Lt. Patrick Foy, CDFW Law Enforcement Division, (916) 508-7095
The California Department of Fish and Wildlife (CDFW) is recruiting those interested in a career as a wildlife officer.
CDFW is accepting applications for wildlife officer cadet through Oct. 17, 2014. The department is particularly interested in recruiting applicants with a passion for conservation of California’s fish and wildlife resources.
California wildlife officers are charged with ensuring public safety, enforcing fish and wildlife laws, investigating illegal sales of wildlife, protecting the state from pollution, enforcing habitat protection laws, fighting illegal drug trafficking, keeping the homeland secure and responding during natural disasters. As peace officers, they have the authority to enforce all California laws, such as the Vehicle Code and Penal Code, and are federally deputized to enforce federal fish and wildlife laws.

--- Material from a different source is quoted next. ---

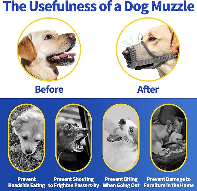- HUMANIZED DOG MOUTH COVER: This dog mouth cover is designed with ultra-breathable mesh to provide good ventilation for panting, and the mesh holes also allow the dog to drink water, can be firmly fitted to the dog's mouth to ensure a perfect fit and ensure safety. There are adjustable straps around the neck and forehead to help hold it in place, preventing the dog's muzzle from falling off. while making it more comfortable to wear

A typical day for a California wildlife officer is diverse as the state’s fish and wildlife. Wildlife officers patrol ocean, desert, mountain and valley environments, as well as urban areas. They frequently work independently and conduct full-scale law enforcement investigations. Wildlife officers employ everything from all-terrain vehicles to jet skis and snowmobiles while on patrol and spend much of their typical day making contact with Californians in the great outdoors. CDFW has a dive team and utilizes K-9 partners as well. Environmental crimes and pollution incidents also fall under the purview of wildlife officers. Annually, wildlife officers make contact with more than 295,000 people and issue more than 15,000 citations for violations of the law.
Successful applicants will enter a 31-week academy training program, followed by 19 weeks of field training, where they will work with a seasoned field training officer. CDFW’s academy at Butte College is California Peace Officer Standards and Training certified. Cadets are trained as police officers with specific emphasis on wildlife, pollution and habitat protection.

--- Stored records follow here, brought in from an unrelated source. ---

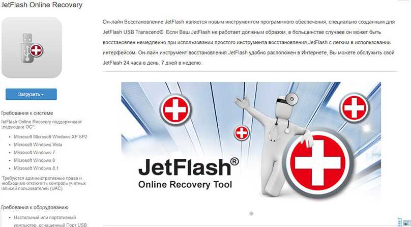 У оригинальных USB -флешек от известных фирм есть специальные утилиты по восстановлению. Их получится найти на официальных сайтах производителей. Например, для устройств компании Transcend утилита называется JetFlash Online Recovery . Она сможет исправить ситуацию, когда Вин 10 не видит флешку этой фирмы.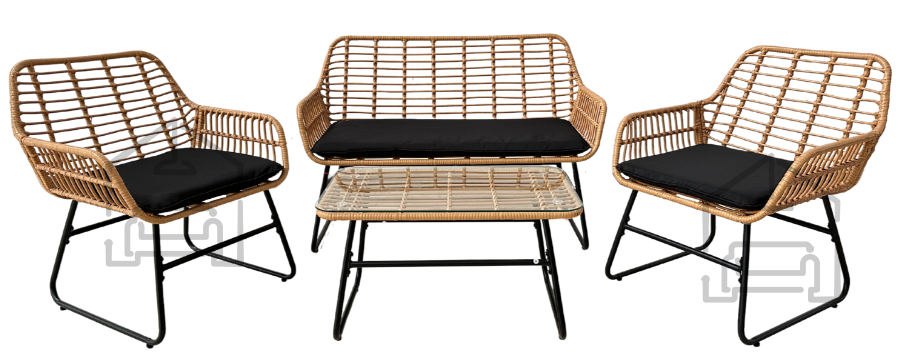 Stilski in funkcionalni komplet vrtnega pohištva, ki se odlično obnese na terasi, v vrtu ali na balkonu. Trdna jeklena konstrukcija, eleganten ratan ter udobne blazine zagotavljajo trajnost in udobje pri uporabi. Steklena plošča mizice doda eleganco in olajša vzdrževanje čistoče.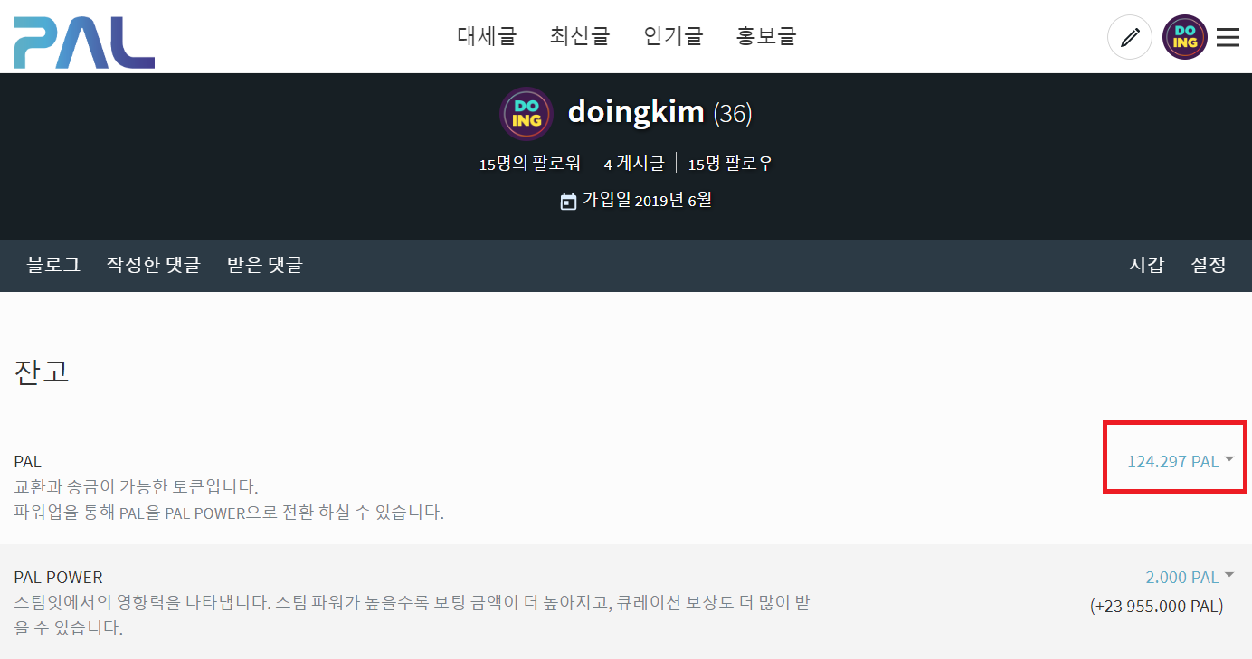 현재까지 누적된 큐레이팅 페이아웃 금액은 124.297 PAL입니다.

In California, with 159,000 square miles of habitat and wildlife diversity unequaled by any other state, the average wildlife officer has a patrol district of more than 600 square miles. The state has more than 1,100 miles of coastline, 30,000 miles of rivers and streams, 4,800 lakes and reservoirs, three desert habitat areas and scores of high mountain peaks.

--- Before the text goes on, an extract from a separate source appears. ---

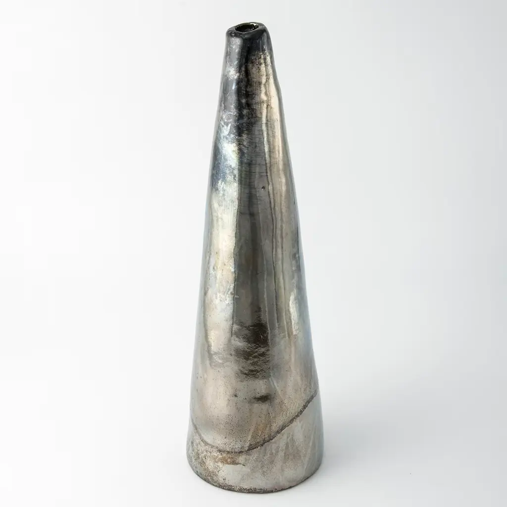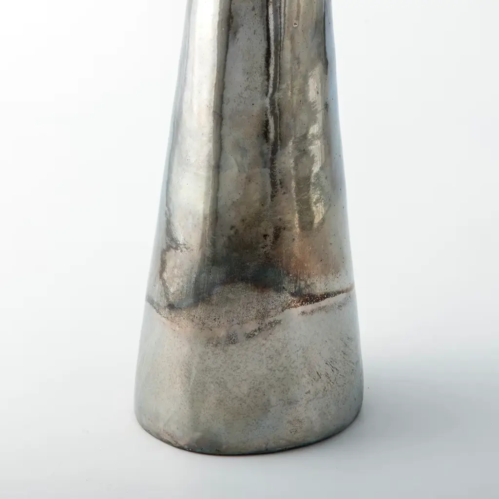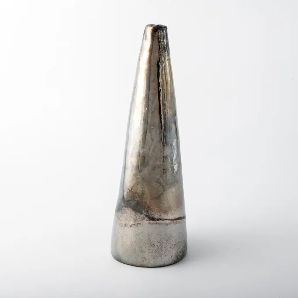 Cobalt-blue, black, and gray brushstrokes enriched with silvery reflections actualize the poetic image of a nocturnal sky that this conical ceramic vase was named after. A singular piece by artist Nino Basso crafted and decorated by hand reinterpreting the Japanese Raku technique, it enchants with its triumph of iridescent finishes that each time flaunt a different tone at the variation of light exposure. Authenticity certificate and care instructions are included with purchase.

The CDFW Law Enforcement Division expects an overwhelming number of inquiries and asks prospective candidates to extensively review materials on the website before contacting CDFW with questions.
To find information on minimum qualifications, required materials and an application for the academy, please visit https://jobs.ca.gov/JOBSGEN/4FG13.PDF.
For general information about a career as a wildlife officer, please visit http://www.dfg.ca.gov/enforcement/career/index.aspx.
Applications must be postmarked no later than Oct. 17, 2014.